C1-C2 posttraumatic rotatory subluxation
Findings:
Sagittal, coronal, and axial CT images of the cervical spine demonstrate abnormally accentuated rightward rotation of C1 on C2. The left lateral mass of C1 is significantly subluxed anteriorly with respect to the lateral mass of C2. On one of the coronal MPR images, the odontoid proces abuts the right lateral mass of C1. There is also approximately 2 mm anterior subluxation at C2-3 and severe multilevel degenerative disc disease with osteophytes and discogenic sclerosis.
Discussion/Differential Diagnosis:
Any time there is a rotation of C1 on C2, the more common physiologic motion must be distinguished from the rare fixed rotatory subluxation of C1 on C2. Much confusion and controversy exists regarding the entity of rotatory C1-2 subluxation(ARF). An important clinical distinction is the presence of a fixed painful torticollis with "Cock robin" head position slightly flexed, cranial rotated, and head tilting contralateral to the rotation direction. Normal physiologic motion of C1-2 may be between 30-50 degrees with capture of lower cervical rotation occurring at 20-30 degrees. Slight lateral tilting of the head may facilitate rotation due to relaxing the alar ligament. ARF may be suspected on radiographs when there is significant asymmetric position of the odontoid process with respect to the lateral mass of C1, provided the radiographs are precisely positioned. The apprarent sizes of the C1 lateral masses on frontal projection will also be discrepant due to the rotation, with the contralateral side having a more squared appearance. ARF may be diagnosed on CT in the neutral position if the rotation is obvious and not accounted for by positioning and head rotation, but can be confirmed wiith CT performed with head rotation, which will demonstrate a fixed C1-2 relationship regardless of head position. Rotation toward the deformity may be facilitated while rotation the opposite way will be restricted. With extreme rotations, there is a risk for vertebral artery and/or cord injury.

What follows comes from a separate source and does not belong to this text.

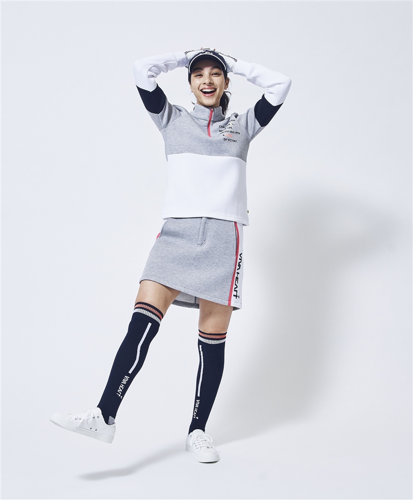 ウェア契約しているプロがリスペクトしている言葉をタイポグラフィで表現したアイテム。ストレッチ性のある中肉のダンボール素材を使用し、動きやすさ、着心地感も抜群です。モノトーンの色合いのなかに蛍光カラーをポイントで使った見え感はスポーティーな中にビバハートらしいPOPな印象を、程よいラフ感がお洒落見えするスタイリングです。ゴルフラウンドから練習まで着用できる新しいスタイリングです。
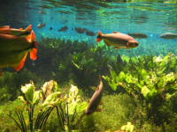 Aquário de Bonito, que oferece aos visitantes a oportunidade de conhecer de perto mais de 60 espécies de peixes, em um ambiente temático que reproduz o habitat da fauna e flora subaquática da região da Serra da Bodoquena e Pantanal.

Fielding and Hawkins Classification of ARF:
type 1- fixed ARF with intact transverse ligament
type 2- disruption of transverse ligament with 3-5 mm atlantoaxial subluxation
type 3- disruption of alar and transverse ligament with greater than 5 mm AA sublux
type 4- (very rare), both lateral masses of C1 displaced anteriorly.
This discussion was condensed from Resnick et. al. Diagnosis of Bone and Joint Disorders 4th ed. Saunders 2002, pp.2955-2958.
Other references for above discussion:
Fielding, JW and Hawkins RJ. Atlanto-axial Rotatory Subluxation. J Bone Joint Surg Am 59:37, 1977.
Rinaldi, et al. Computerized tomographic demonstration of rotational atlantoaxial fixation: Case report. J Neurosurg 50:115, 1979.
Jacobson G and Adler DC. Examination of the atlantoaxial joint following injury with particular emphasis on rotational subluxation. AJR 76:1081, 1956.